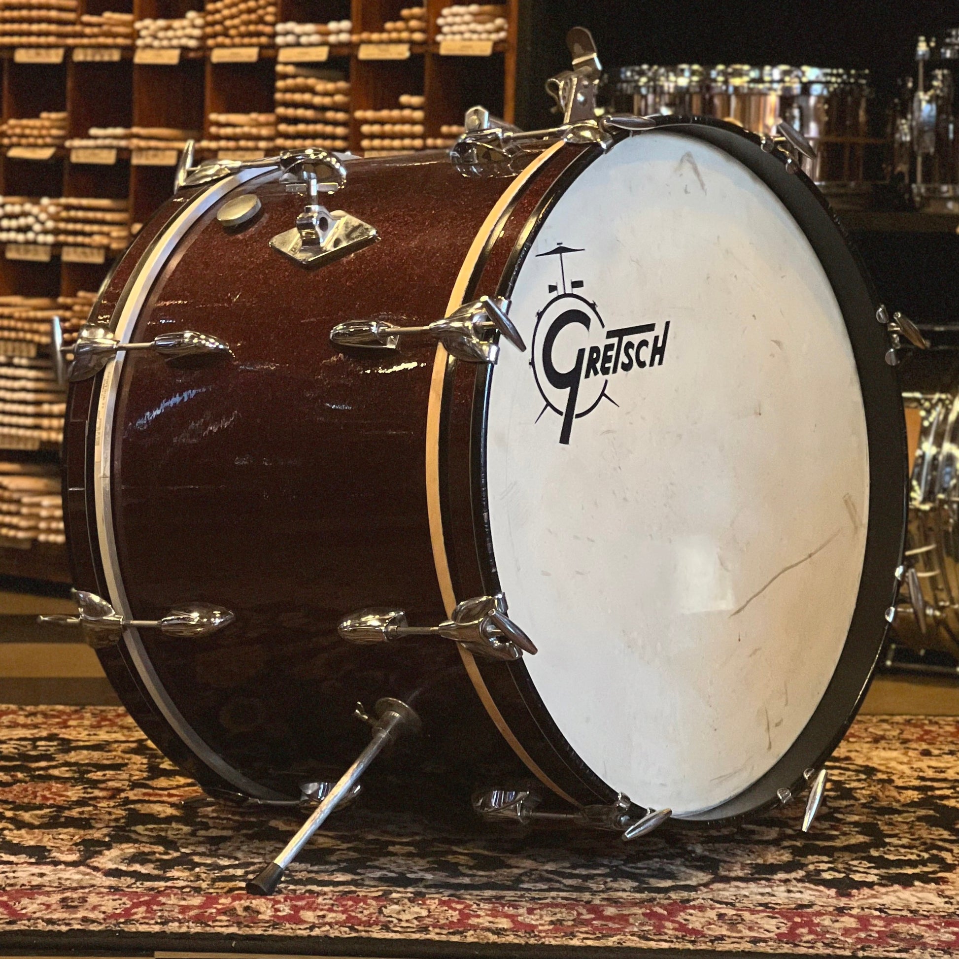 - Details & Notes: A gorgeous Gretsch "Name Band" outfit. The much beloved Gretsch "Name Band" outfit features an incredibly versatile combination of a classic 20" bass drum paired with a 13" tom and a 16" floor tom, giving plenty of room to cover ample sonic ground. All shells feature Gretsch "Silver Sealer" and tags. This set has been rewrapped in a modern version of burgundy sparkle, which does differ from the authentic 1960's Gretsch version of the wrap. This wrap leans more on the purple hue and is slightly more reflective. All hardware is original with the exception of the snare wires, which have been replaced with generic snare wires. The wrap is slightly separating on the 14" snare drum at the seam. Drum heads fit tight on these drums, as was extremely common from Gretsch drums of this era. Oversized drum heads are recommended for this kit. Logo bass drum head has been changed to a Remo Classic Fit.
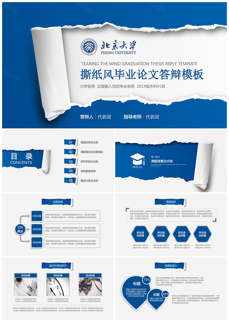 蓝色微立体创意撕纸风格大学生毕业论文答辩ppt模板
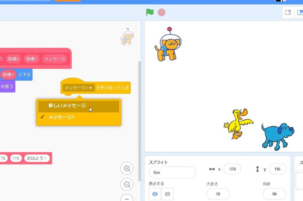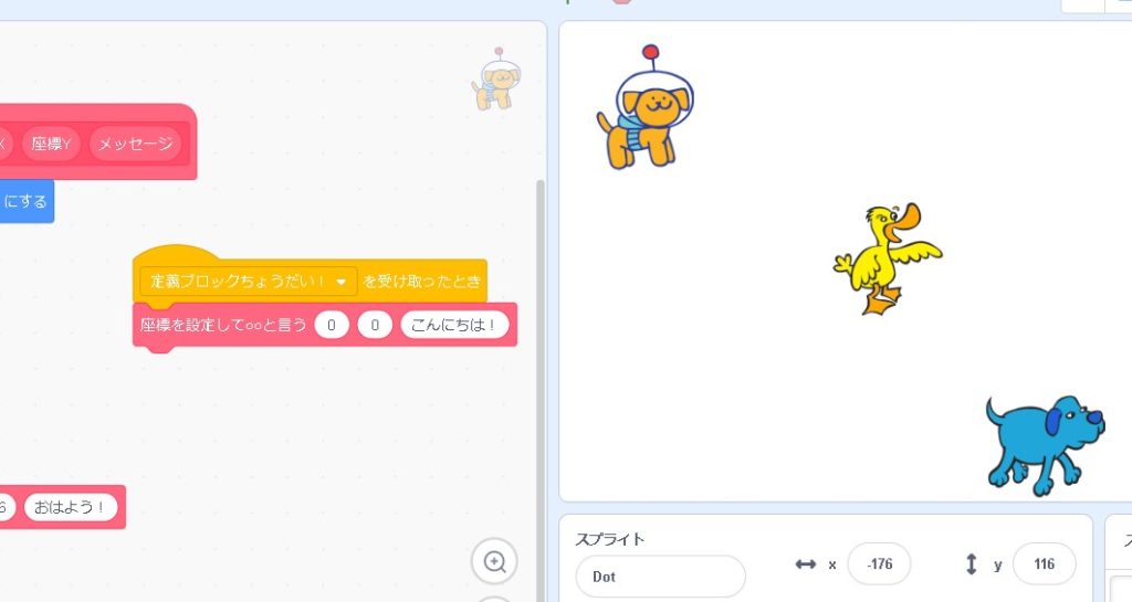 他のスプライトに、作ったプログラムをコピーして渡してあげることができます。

» WORK TO COMPLETE: Could the data above be reproduced exactly, with the pictures left out?

» OUTPUT FOR THIS EXERCISE:
 - Details & Notes: A gorgeous Gretsch "Name Band" outfit. The much beloved Gretsch "Name Band" outfit features an incredibly versatile combination of a classic 20" bass drum paired with a 13" tom and a 16" floor tom, giving plenty of room to cover ample sonic ground. All shells feature Gretsch "Silver Sealer" and tags. This set has been rewrapped in a modern version of burgundy sparkle, which does differ from the authentic 1960's Gretsch version of the wrap. This wrap leans more on the purple hue and is slightly more reflective. All hardware is original with the exception of the snare wires, which have been replaced with generic snare wires. The wrap is slightly separating on the 14" snare drum at the seam. Drum heads fit tight on these drums, as was extremely common from Gretsch drums of this era. Oversized drum heads are recommended for this kit. Logo bass drum head has been changed to a Remo Classic Fit.
 蓝色微立体创意撕纸风格大学生毕业论文答辩ppt模板
 他のスプライトに、作ったプログラムをコピーして渡してあげることができます。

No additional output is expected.